OLIVIERO BIAGETTI X LIDIA FLAMIA
Oliviero Biagetti nasce a Velletri (RM) nel 1994. Attualmente vive e lavora a Torino. Dopo aver conseguito la laurea triennale in Arti Visive presso l’Accademia di Belle Arti di Firenze, ed il corso di specializzazione in incisione calcografica presso “Fondazione il Bisonte” a Firenze, dal 2019 è iscritto al Biennio specialistico di Pittura, presso l’Accademia Albertina di Belle Arti di Torino.
Lidia Flamia: Vorrei iniziare parlando del percorso formativo che ti ha condotto ad approfondire la dimensione pittorica nei tuoi lavori. Dopo la triennale di Arti Visive all’Accademia di Belle Arti di Firenze, hai intrapreso il biennio specialistico di Pittura all’Accademia Albertina di Torino – la somma di tali esperienze quanto ha arricchito il tuo fare artistico? È una scelta che rifaresti?
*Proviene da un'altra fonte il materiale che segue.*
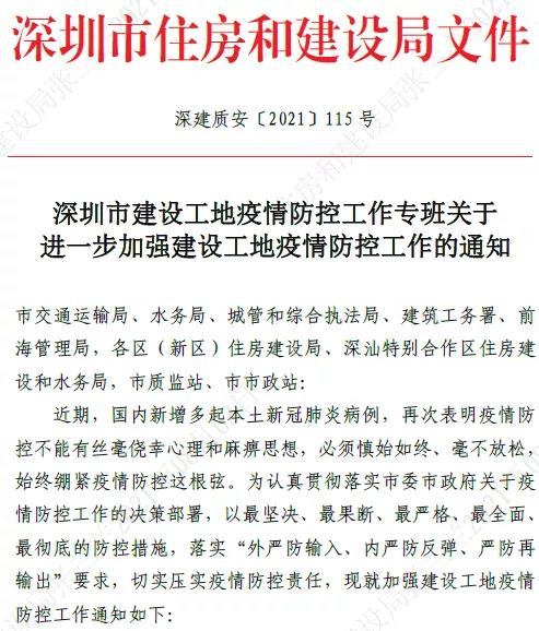 深圳市建設工地疫情防控工作專班發布了關于進一步加強建設工地疫情防控工作的通知。

Oliviero Biagetti: Sì, è una scelta che rifarei senz’altro. Nonostante non condivida a pieno la struttura organizzativa e didattica dell’Accademie di Belle Arti, è stato indubbiamente un luogo importante e di ricerca. Sia a Firenze che a Torino ho avuto l’opportunità di incontrare studenti ed insegnanti che sono stati fondamentali sia nella mia esperienza lavorativa che personale. Nel corso del triennio a Firenze il processo pittorico era al centro delle mie ricerche. Il colore, il segno, la forma, lo studio anatomico, la costruzione e la decostruzione della forma occupavano in modo predominante il mio lavoro. A Torino l’impianto tecnico che avevo costruito negli anni precedenti è passato in secondo piano rispetto ad una ricerca che cominciava a guardare l’immagine non più come un memoriale di gesto ma piuttosto come fruitrice attiva di eventi in continuo divenire.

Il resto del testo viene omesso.